Opened today after being closed for a week due to ice. 

17 holes open, temp greens and carry only, but it was nice to get out for a hit.


----------



## HomerJSimpson (Jan 22, 2016)

Fully open again after being on temps all week. Looking forward to playing the full course tomorrow


----------



## patricks148 (Jan 23, 2016)

fine, one puddle on the 10th fairway.


----------



## Liverpoolphil (Jan 23, 2016)

Course fully open with one temp green and a couple of temp tees

Green playing lovely after 4 days of frost :whoo:


----------



## ArnoldArmChewer (Jan 23, 2016)

The course is open today with 4 temp greens, I am playing in the morning so fingers crossed we don't get snow/fog/rain/plague or pestulance overnight, I havnt played for a month so I just want to play golf - please !!!!


----------



## Fish (Jan 23, 2016)

15 holes today, only temps were those from the winter drainage programme, if you stayed on the fairway you were fine, I strayed once and lost a ball, obviously plugged in soft ground, nice to clear the cobwebs.


----------



## delc (Jan 23, 2016)

Our course has nine holes open today, on proper tees and greens. The open holes are mostly on the back nine, which are built on gravel. We really need a couple of weeks of dry weather to dry out the front nine, which are on more clay based soil, but more rain is forecast. Will this wet winter ever end?!!!


----------



## Oddsocks (Jan 23, 2016)

Don't know haven't been there for 6 weeks


----------



## Capella (Jan 23, 2016)

Ours is actually closed today, which really took me by surprise. There was quite a bit of rain last night, but normally the course handles that amount of water quite well. This time the ground was still frozen solid, so I guess the water had nowhere to go. I hope they will open up again tomorrow (even though the forecast shows a chance of some more rain to come).


----------



## HomerJSimpson (Jan 23, 2016)

Open today but very wet in places and standing water on some fairways and in the rough.

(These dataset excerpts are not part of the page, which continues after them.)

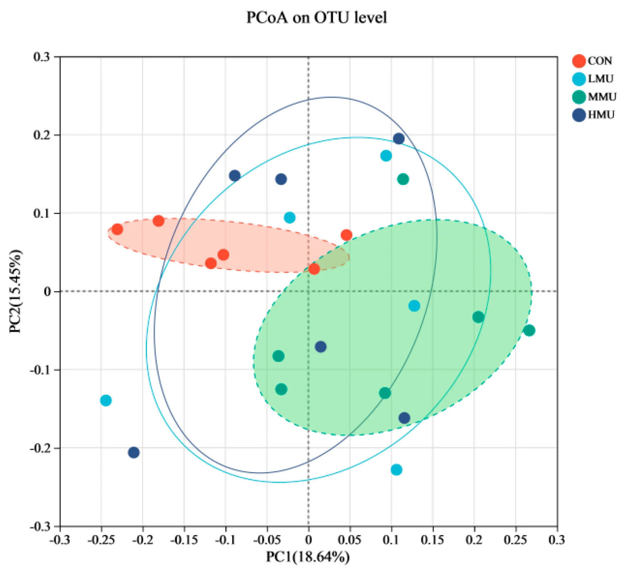 Для сравнения различий в структуре бактериальных колоний между опытными группами различия между опытными группами сравнивали более наглядно с помощью диаграммы размаха на основе анализа главных координат (PCoA) алгоритма расстояния Брея–Кертиса. Как показано на рисунке 2, различия в составе сообщества между CON и MMU были велики, в то время как состав сообщества LMU и HMU был более схож с составом как CON, так и MMU (между ними).
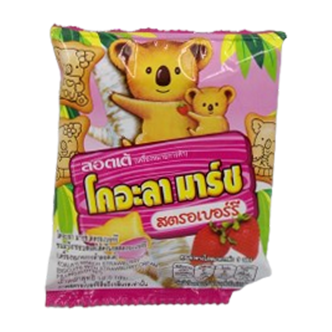 Koala’s March Strawberry Biscuit 19.5″ refers to a single-serving pack of Lotte’s popular strawberry-flavored koala-shaped cookies, a sweet, crispy biscuit with a creamy strawberry filling that is sold internationally. The “19.5” likely indicates a 19.5g serving size of the product. Ingredients: strawberry cream (milk, palm oil, rapeseed oil, sugar), milk powder, lecithin, wheat flour, corn starch, sugar, thickener: E170i, raising agent: E503, E500, sugar, salt, dye E150d, E129, aroma : milk, vanilla. Allergens: milk, soy, wheat. Nutritional values per 100g: Energy 516 kcal / Fat 26.6g of which saturated 22.4g / Carbohydrates 66g of which sugar 44g / Protein 3.67g / Salt 225g
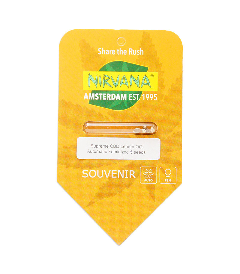 Семена сорта Supreme CBD Lemon OG Automatic fem (Nirvana Seeds) Нидерланды, Феминизированные, Автоцветущие, КБД-5.8
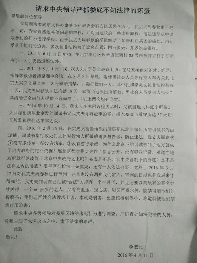 刘双元说,今年2月26日全国两会前,正在家中的周春秋突然被抓走,并被逮捕,关进了娄底市看守所。娄底市娄星区公安分局的逮捕通知书指,周春秋涉嫌所谓“寻衅滋事罪”,无非是指周春秋非法上访什么的。3月22日,周春秋案迅速开庭,但家人未获通知,未当庭判决。
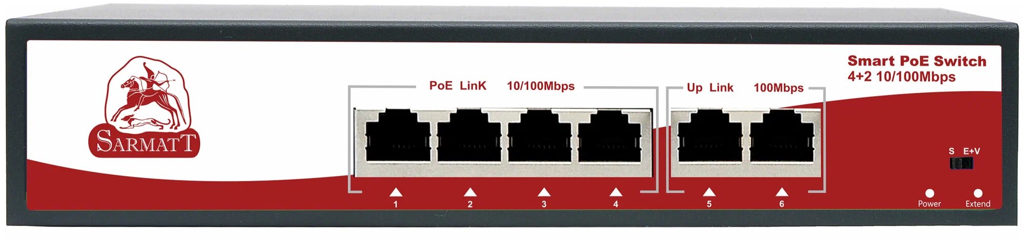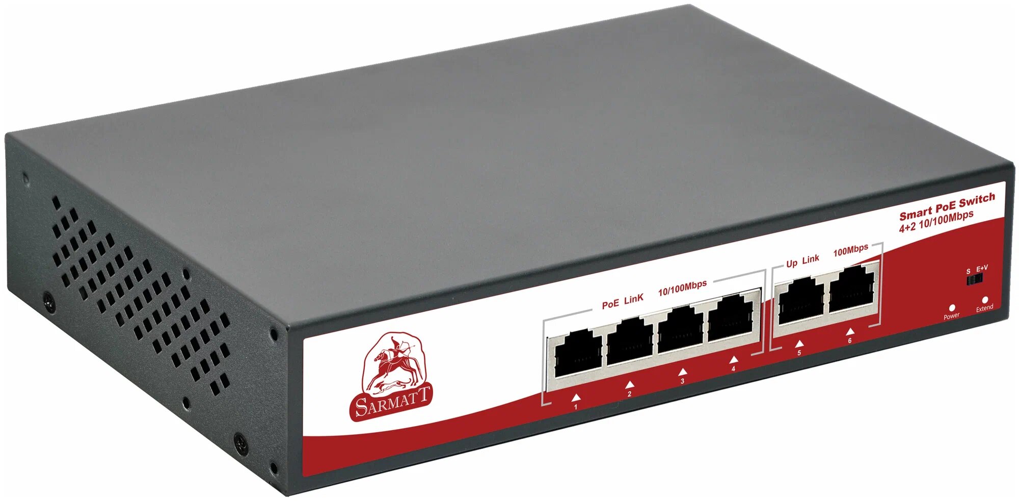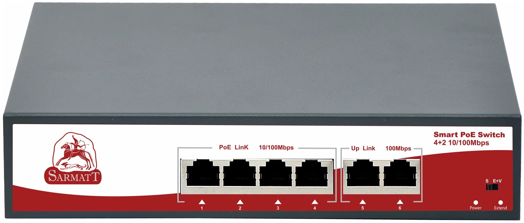 Коммутатор Sarmatt SR-PS0420FBL, 6 портов, PoE, до 250 м, установка в стойку информация:
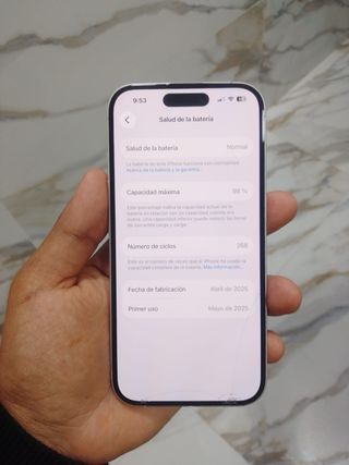 El precio mostrado es el de venta en nuestra tienda. El precio de este producto en nuestra página web puede ser diferente. Este artículo está disponible en nuestra tienda de Almería. apple iphone 15 pro max 256gb CC059_E427050_0 es un objeto que se ofrece en estado correcto. Todos nuestros productos cuentan con garantía de 3 años y un plazo de devolución de 14 días. Vida util bateria mayor del 80%: Si | Numero de sim: 2 (dual-sim) | Caja original: No | Sistema operativo: Ios | 3g: 5g | Memoria ram: 8 | Megapixels: 48 | Operador: Libre | Capacidad: 256 | Pulgadas: 6.7 | Cable cargador: No | Porcentaje de bateria: 85 | Marca:

There are some areas around the approaches and around the greens that are churned up terribly despite roped off areas directing golfers away with trollies.


----------



## Lump (Jan 23, 2016)

fully open and dry everywhere but a few approaches, that are just a little bit soft underfoot.
Nice to be back on full greens that where ironed last weekend.


----------



## Deleted member 16999 (Jan 23, 2016)

Spoke to our Greenkeeper yesterday about the course and damage, he said his priority are the greens first and foremost, all greens have white lines painted in front of them and signs saying no trolleys allowed beyond the lines, when I quizzed him on the state of some of the fairways and surrounding areas due to either standing water tyre tracks from Greenkeepers vehicles or trolleys etc, he said he wasn't too bothered as I'd be amazed just how quick those areas will recover, the guy is obviously a professional and during the previous few years our course has been in fantastic condition, maybe we should have more faith in them and if and when our courses are closed we understand it's for the right reasons.


----------



## HankMarvin (Jan 23, 2016)

Well got another round in today with the lads, it was a bit slow due to a few slow players in front of us but we managed to get through a few fourballs & leave them behind. The course was good & rather dry so all was well & we managed to win our match 3&1, few temp tees but full greens & happy with a scratch 67


----------



## brendy (Jan 23, 2016)

Shut again...


----------



## delc (Jan 23, 2016)

Yet more rain this evening, so not too hopeful for the next day or two!


----------



## Liverpoolphil (Jan 24, 2016)

Course drying out lovely - green in great nick which shows that the greenkeeper has it spot on in regards playing on frozen greens.


----------



## upsidedown (Jan 24, 2016)

First time open in 25 days yesteday, played today and some very boggy places but generally not too bad. Greens were black as been treated by greenkeepers but putted ok , still on 8 temps though, mainly to help with traffic from green to tee to avoid worst of the bogs


----------



## SwingsitlikeHogan (Jan 24, 2016)

Course fully opened - some roping off of a few very wet areas and a little bit of flooding at courses lowest point - but generally dry underfoot and lovely playing.


----------



## Berger (Jan 24, 2016)

Our back 9 was open today and yesterday and to be honest it probably should've stayed shut. Very wet in places despite being the higher part of the course, I'd dread to see what the bottom holes are like.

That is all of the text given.